In 1866, land was set apart for Church of England purposes, and in 1867, John Davenport Bromfield, a prominent local pastoralist who resided in the nearby Elliminook Homestead, was appointed as one of the trustees for this allotment.

On 6 April 1870, John Davenport Bromfield laid the foundation stone for the church. A mere month and a half later, he died as a result of an aneurysm. His widow, Mrs. Eliza Bromfield, commissioned Ferguson and Urie to create a chancel window in his memory.

The church was opened seven months later on 5 February 1871, with the incumbent being Rev. Thomas Sabine. The church was constructed of bluestone from the nearby Mount Gellibrand and freestone from Waurn Ponds. It was designed by Melbourne architect Leonard Terry, who was influenced by Gothic architectural styles.

The bell tower and spire were added in 1890, and the bell from the Buntingdale Aboriginal Mission was added to the church, and a cork oak estimated to be over 120 years old grows in the church grounds.

The church also contains a heritage-listed stained glass window by Scottish-Australian stained-glass designer William Frater, commemorating local men who enlisted for WW1. The men honoured are Edgar Henry Abbott, H.T. Crabbe, Harold Hinds De La Rue, Alfred Gammon, William Edward Lambell, Theodore Albert Lewis, Ernest Cecil Parkes, Henry Norman Rothery, Eric Gentle Roy, James Clive Talbot, Albert Ernest Taylor, and Frederick Joseph Wallace.

===Vicarage===

The vicarage, now a private residence adjacent to the church, was built in 1866–1867 and was also designed by Leonard Terry.
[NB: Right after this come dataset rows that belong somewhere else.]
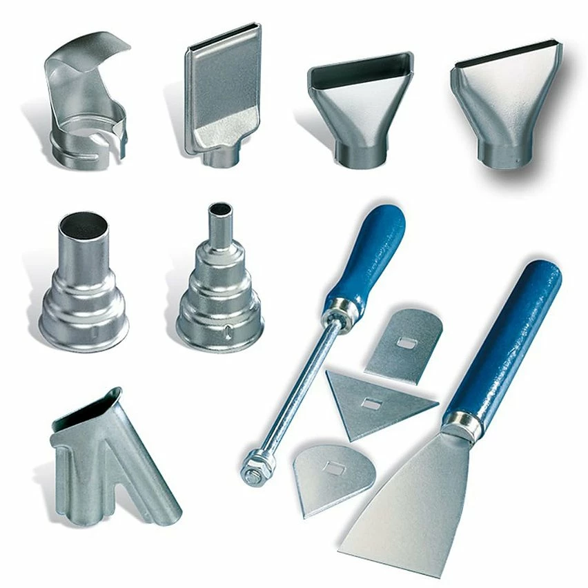 L’ensemble comprend une buse de surface de 75 mm, une buse de fenêtre de 75 mm, une buse de réduction de 14 mm, une buse de réduction de 9 mm, une buse à large fente, une buse de soudage, une buse de réflecteur de 24 mm, un grattoir et un porte-lame à 3 lames. L’ensemble d’accessoires à air chaud est adapté aux pistolets à air chaud HG 2120 E, HG 2320 E, HG 2220 E, HG 2000 E, HG 2300 E, HG 2310 LCD.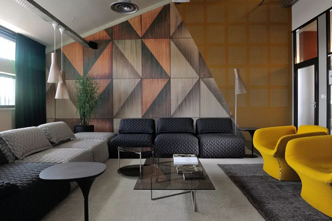 不同家具的高低错落组合,不同几何元素及颜色的混搭,创造出灵活的空间层次及视觉效果。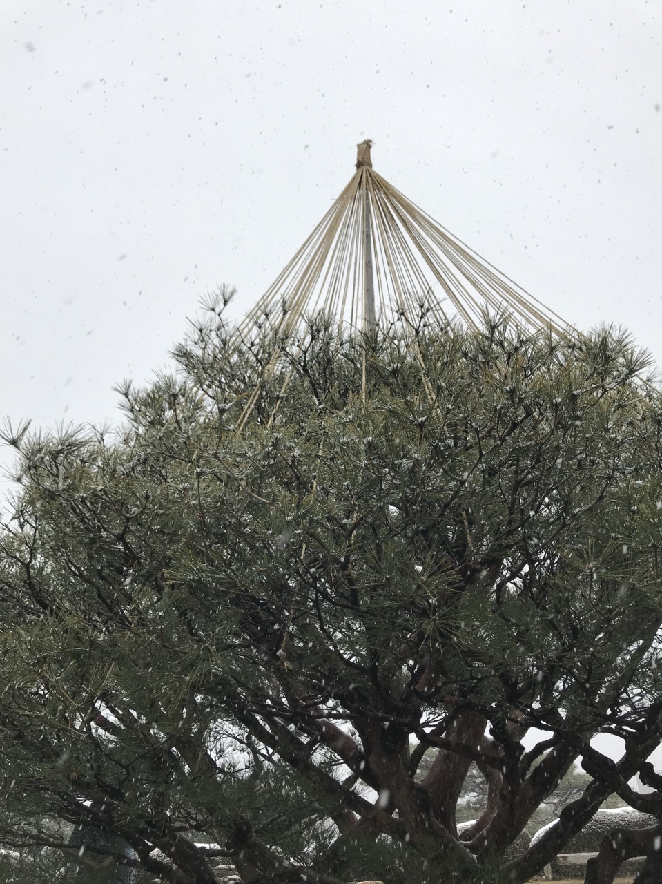 年々雪の量が少なくなっている金沢。今年は2月に入っても積雪ゼロが続いていましたが、ようやく雪が降り、訪れた日は雪景色となっていました。降る雪が重く、この地で雪吊りが必要になった理由が分かったような気がします。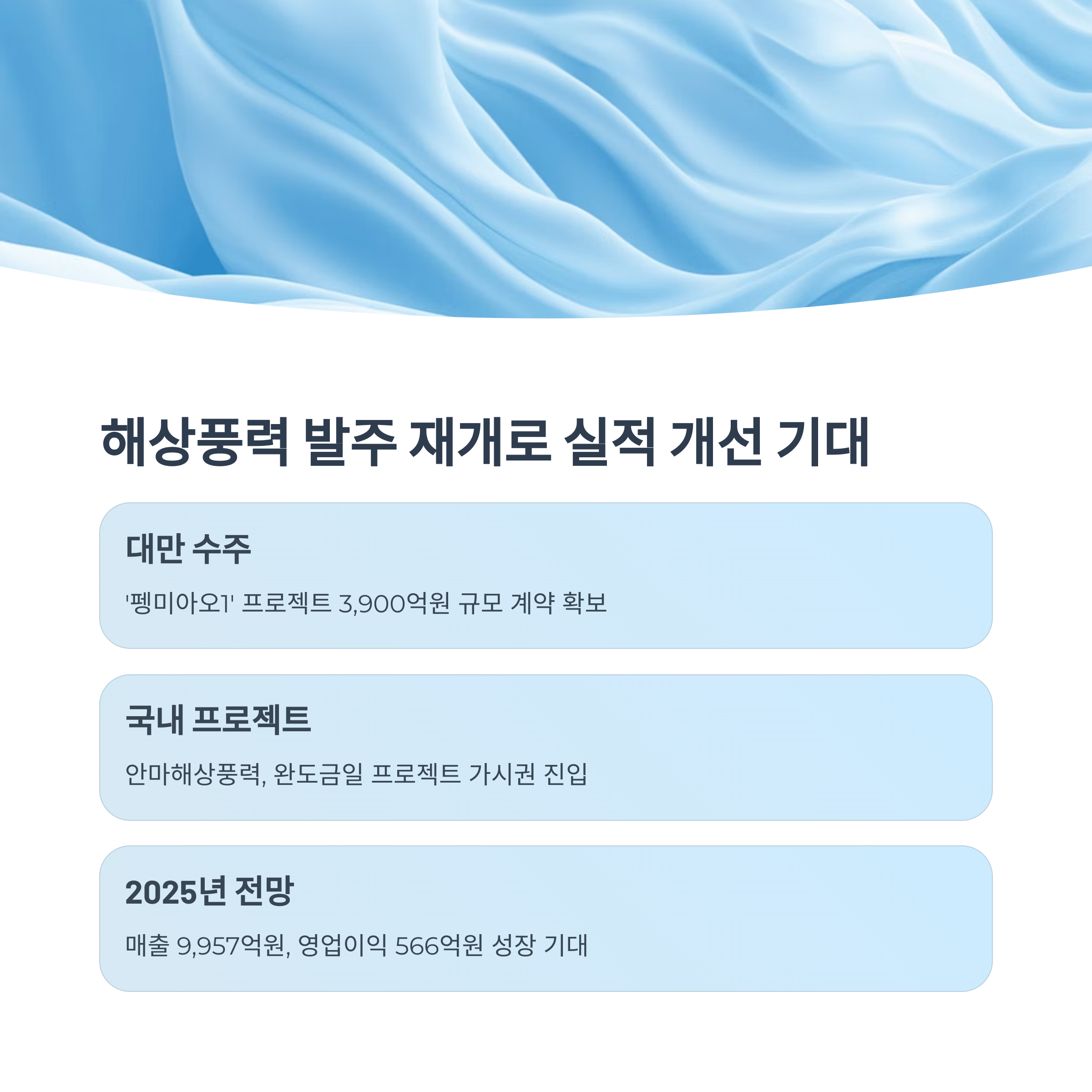 이는 해상풍력 발주 시장의 회복 흐름을 보여주는 사례로, 대만뿐 아니라 국내에서도 안마해상풍력과 완도금일 프로젝트가 가시권에 들어와 있습니다.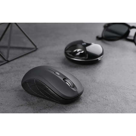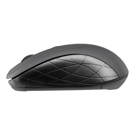Беспроводная эргономичная мышь из матового пластика обеспечит комфортную работу в течение длительного времени. Выполнена в классическом дизайне в черном цвете и с геометрическими вставками на боковых сторонах мыши. Скорость курсора настраивается под собственные требования: 800, 1200 или 1600 DPI.

It was built by Paton and Pepper and was the home of Rev. Thomas Sabine.

===Sunday School===

The church grounds originally contained a brick building used as a Sunday School, and was built in 1890 by Mrs. Eliza Bromfield, who went on to remarry and became Mrs. Edmundson, in memory of her second husband, William Edmundson. The building later became unsuitable and was subsequently demolished, being replaced by the relocated All Saints' Anglican Church from Mount Gellibrand.